Sam Hartman wrote:
"Andy" == Andy Bierman <[EMAIL PROTECTED]> writes:Andy> This is not an alternative. If you are not willing to make Andy> your technical objections to a technical specification Andy> publicly, then they cannot be part of the IETF Andy> decision-making process. At one level I agree here. Andy> What's to prevent a WG Chair from "padding" the anonymous Andy> "votes"? If 5 people in public (WG meeting or mailing list) Andy> are for some proposal, and the Chair says, "I heard from 6 Andy> people who are against this, but don't want their identities Andy> known, so the proposal is rejected." Not acceptable. I think that would be unacceptable. I think that a WG chair going to people who expressed private concerns and saying something like "Hey, you need to express your concerns in public. They are shared; if all of the people who have these concerns bring them forward then we would have enough interest in dealing with this issue. You have a week," is entirely fine. I also think it is fine for a WG chair to look at private technical concerns, realize they are correct and raise them to the WG. "I received a private concern; that mail pointed out that the following trivial attack will break the security of this protocol. We are not moving forward until someone fixes this problem or someone explains why I'm misunderstanding the situation."
I don't understand why such a comment needs to be private. Once the issue comes to light in the WG, it is no longer going to be private. You are assuming the Chair can and should be a proxy for a WG member who wishes to remain anonymous. I disagree.

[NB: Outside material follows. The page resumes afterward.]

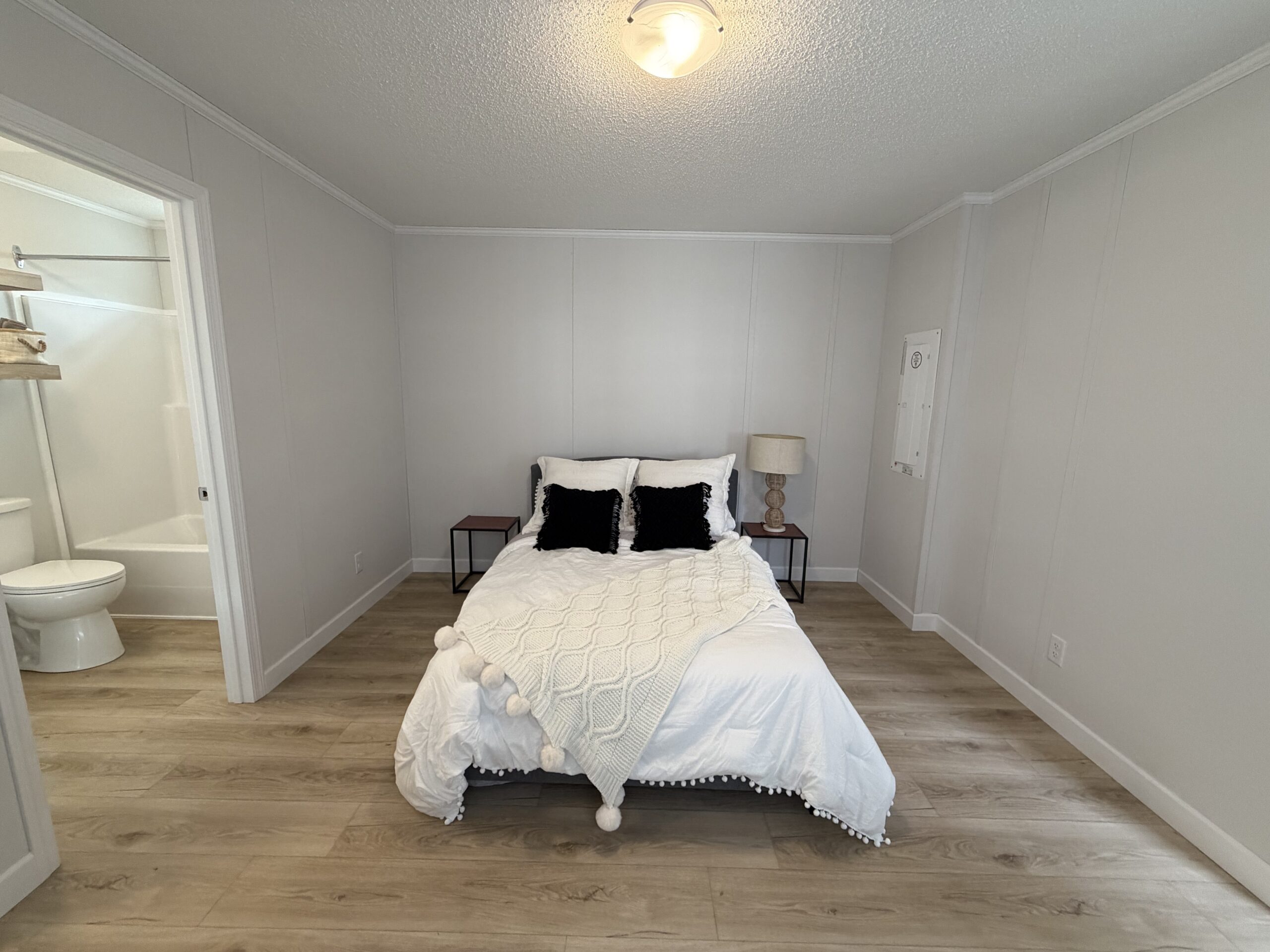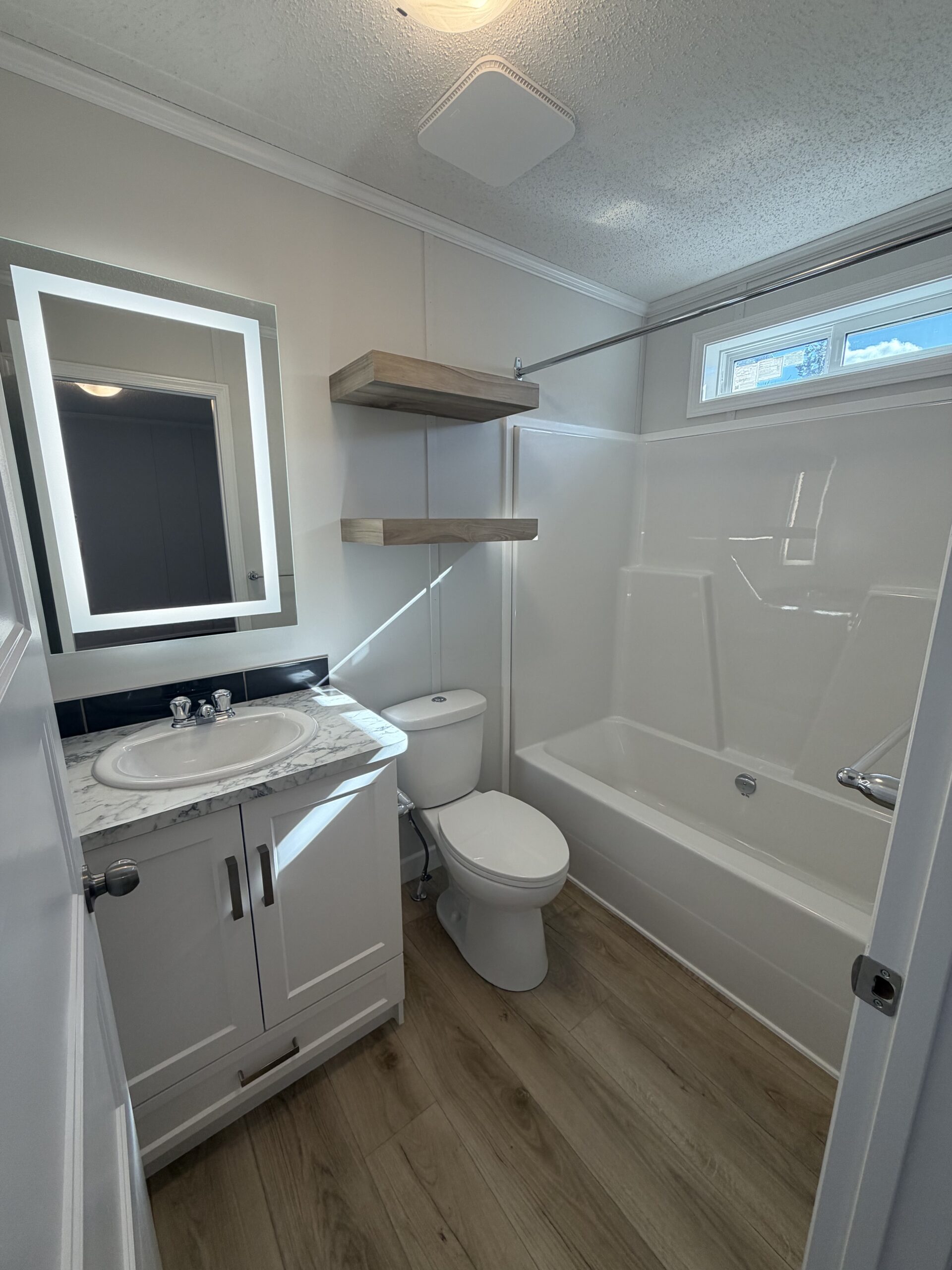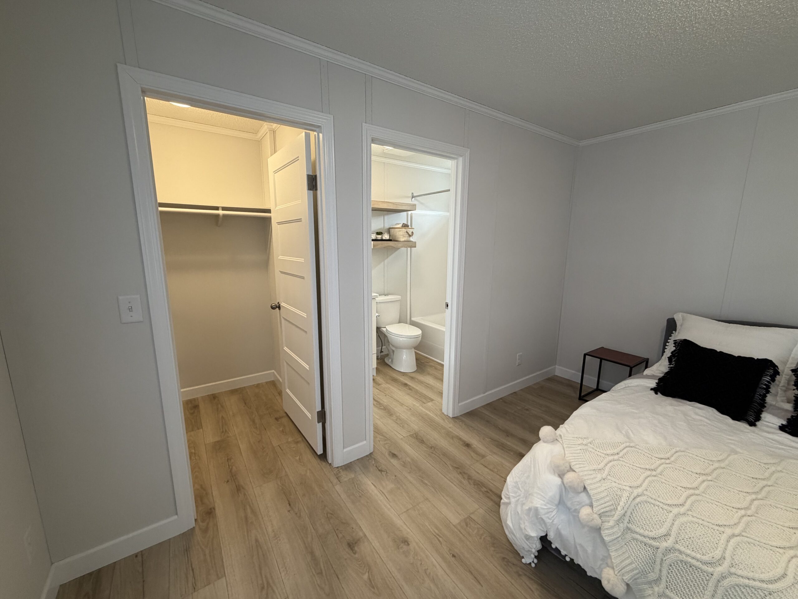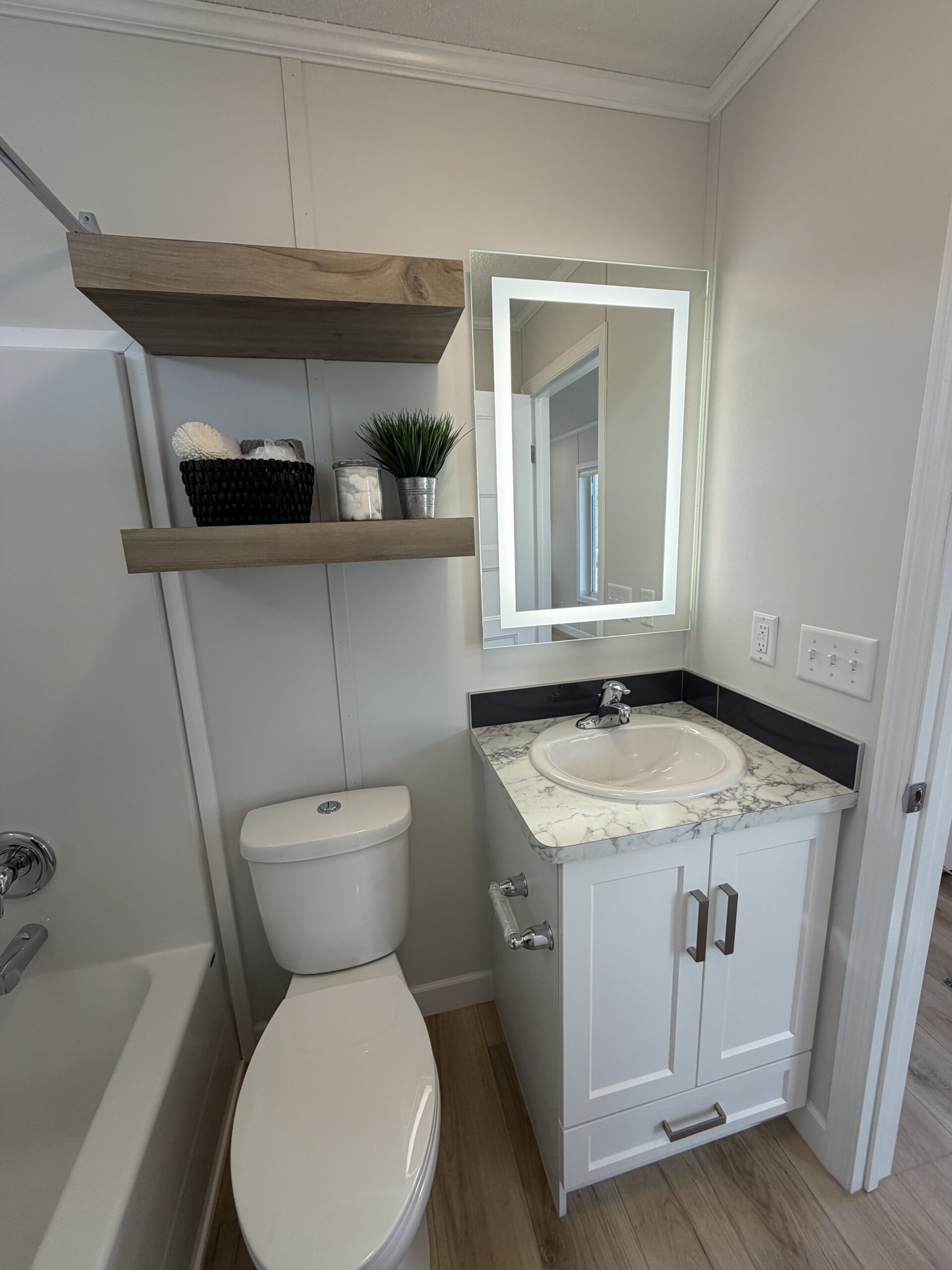 - Floating shelves over toilet in both baths

It's probably even fine to say "I received a lot of private concerns. Are the people willing to make public comments firmly behind their support?"
I am specifically referring to technical comments. I realize that WG members may have non-technical concerns which are appropriate to convey to the Chair privately. I think the IETF consensus process is severely flawed. Many times I have encountered deadlocks because 3 people are strongly for something, 3 people are strongly against it, and 40 people couldn't care less which way the decision goes. Determining consensus based on hearsay and humming makes matters even worse.